[Users] Storage unresponsive after sanlock

older
[Users] How to setup FreeBSD 8.3...

Trey Dockendorf

27 Jan 2014 27 Jan '14

5:12 p.m.

I setup my first oVirt instance since 3.0 a few days ago and it went very well, and I left the single host cluster running with 1 VM over the weekend. Today I come back and the primary data storage is marked as unresponsive. The logs are full of entries [1] that look very similar to a knowledge base article on RHEL's website [2]. This setup is using NFS over RDMA and so far the ib interfaces report no errors (via `ibcheckerrs -v <LID> 1`). Based on a doc on ovirt site [3] it seems this could be due to response problems.

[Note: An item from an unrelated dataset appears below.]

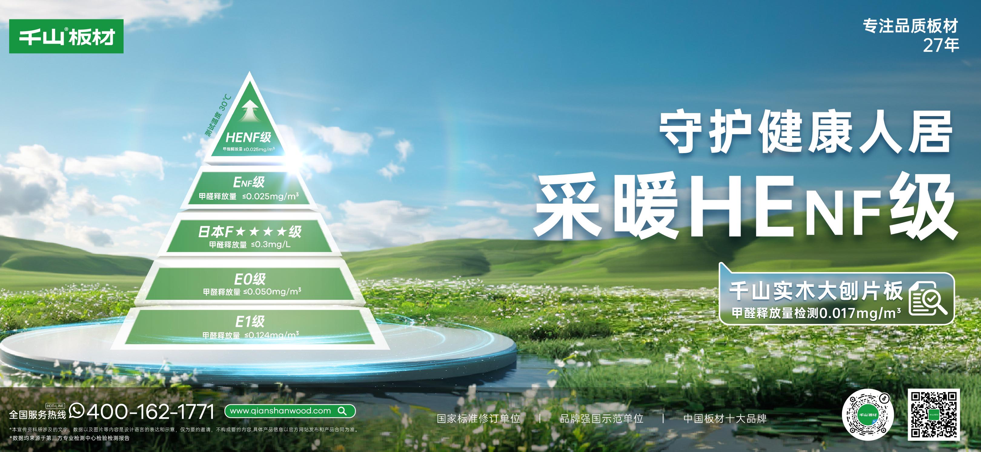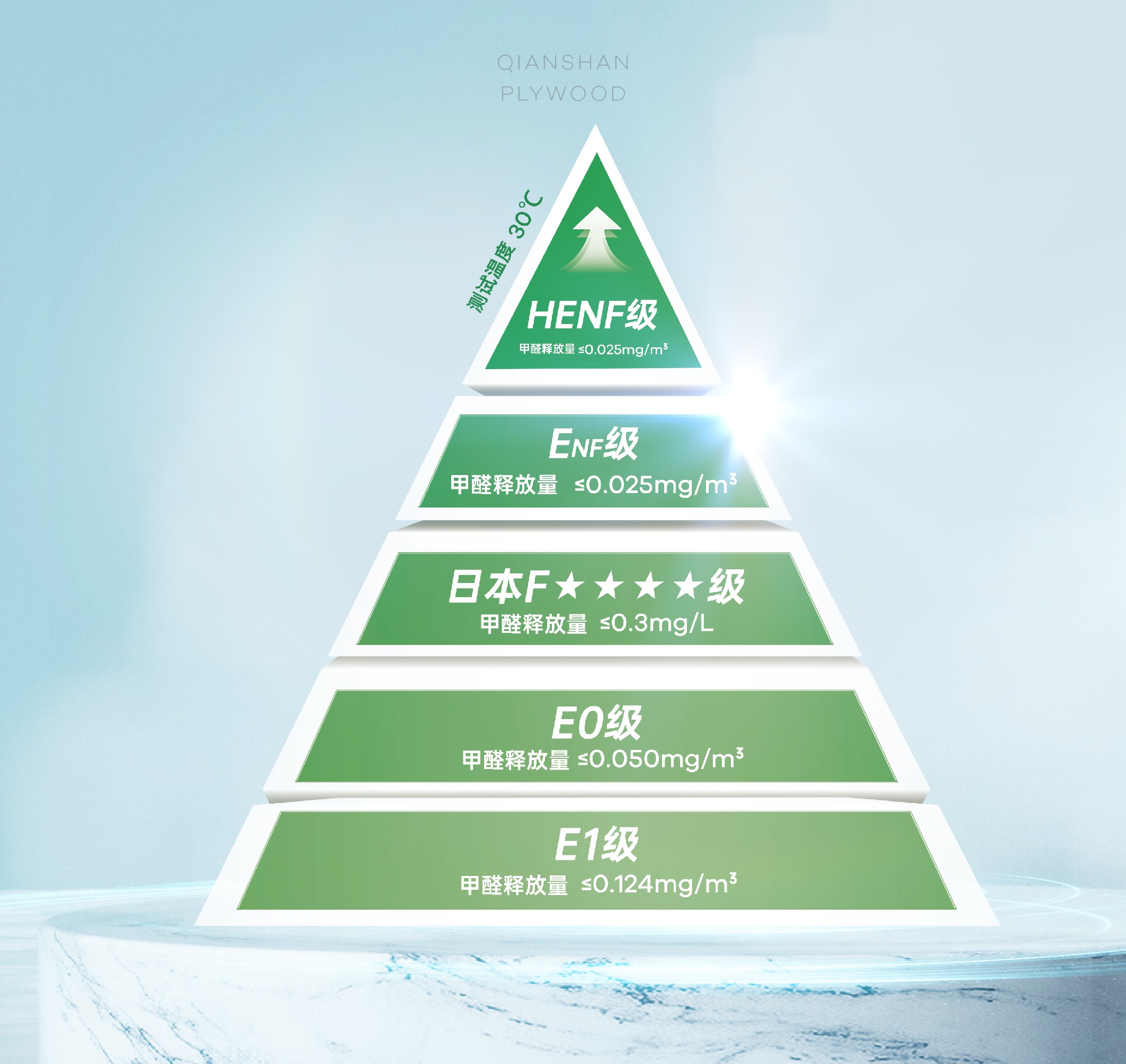 傳統(tǒng)板材環(huán)保標(biāo)準(zhǔn)多聚焦于常溫環(huán)境下的甲醛釋放量,而HEnf級(jí)的甲醛釋放量在30℃熱環(huán)境下被嚴(yán)格限制在0.025mg/m3以內(nèi),是中國林產(chǎn)工業(yè)協(xié)會(huì)于2022年5月31日發(fā)布的《采暖用人造板及其制品中甲醛釋放限量》(T/CNFPIA 1003-2022)標(biāo)準(zhǔn)中的最高等級(jí)。HENF級(jí):環(huán)保的升級(jí)躍遷千山板材四大品類:

The storage system is a new purchase and not yet in production so if there's any advice on how to track down the cause that would be very helpful. Please let me know what additional information would be helpful as it's been about a year since I've been active in the oVirt community. Thanks - Trey [1]: http://pastebin.com/yRpSLKxJ [2]: https://access.redhat.com/site/solutions/400463 [3]: http://www.ovirt.org/SANLock

Show replies by date

Maor Lipchuk

28 Jan 28 Jan

9:45 a.m.

Hi Trey, Can you please also attach the engine/vdsm logs. Thanks, Maor On 01/27/2014 06:12 PM, Trey Dockendorf wrote:

...

I setup my first oVirt instance since 3.0 a few days ago and it went very well, and I left the single host cluster running with 1 VM over the weekend. Today I come back and the primary data storage is marked as unresponsive. The logs are full of entries [1] that look very similar to a knowledge base article on RHEL's website [2].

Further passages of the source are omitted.